Angola terá centros de internamento de menores

Kuito – O governo angolano vai construir centros de internamento de menores, em várias regiões do país, por forma a contribuir na correcção da conduta social dos infantes que vivem à margem da lei.

Essa informação foi prestada nesta segunda-feira pelo ministro angolano da Assistência e Reinserção Social (Minars), João Baptista Kussúmua, no fórum provincial de auscultação à juventude.

O responsável disse no evento que as infra-estruturas servirão para reeducar as crianças em função das decisões do tribunal de menores e do crime cometido.

João Baptista Kussúmua disse que esses investimentos públicos deverão ser catalogados, aprovados e valorizados em termos de custos, por forma que o projecto possa alcançar os resultados almejados pelo governo angolano e pela sociedade.

Os centros de internamento de menores, disse o governante, vão auxiliar os trabalhos do julgado de menores, que em vez de privar a criança da liberdade, o menor é colocado no “centro de internamento” onde além de ser reeducado poderá beneficiar de formação académica e profissional.

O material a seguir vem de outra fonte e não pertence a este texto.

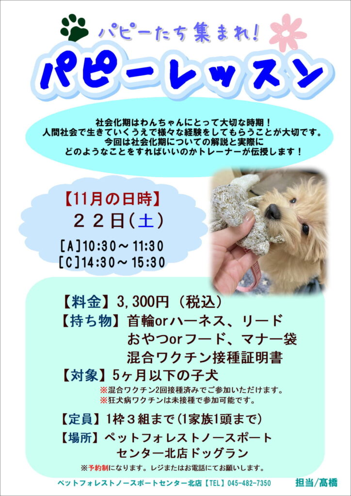 【2025年11月15日(土)】パピーレッスン開催🐾 開催期間: 2025.11.15 ~ 2025.11.15 掲載日時:2025.10.12 お知らせ&セール 関連記事: 【2025年10月13日(月祝)】パピーレッスン開催🐾 【2025年11月22日(土)】パピーレッスン開催! 《美容》ネット予約開始します! 年末年始の営業について 取扱店舗 鷺沼店 Tweet News一覧へ

“É uma espécie de cadeia, mas as crianças não devem merecer a prisão", disse, justificando assim a necessidade de se construírem infra-estruturas próprias e específicas, com meios adequados segundo a idade e o pensamento da pessoa.

Sem revelar as regiões que vão beneficiar numa primeira fase dos investimentos e o valor necessário, o governante instou a sociedade no sentido de reforçar a educação dos filhos, por formas a prevenir a prática de actos nocivos ao futuro deles.

O cuidado e o processo de educação dos filhos, disse João Baptista Kussúmua, não constitui somente responsabilidade do Estado e progenitores, mas de todos quantos vivem e convivem com a criança (tios, primos, avós e outros).

Referiu que este gesto poderá contribuir na redução de crianças na rua e de rua, que por inexperiência de vida, enfrentam muitas vicissitudes, que às leva a praticar actos comprometedores ao bom nome da família angolana.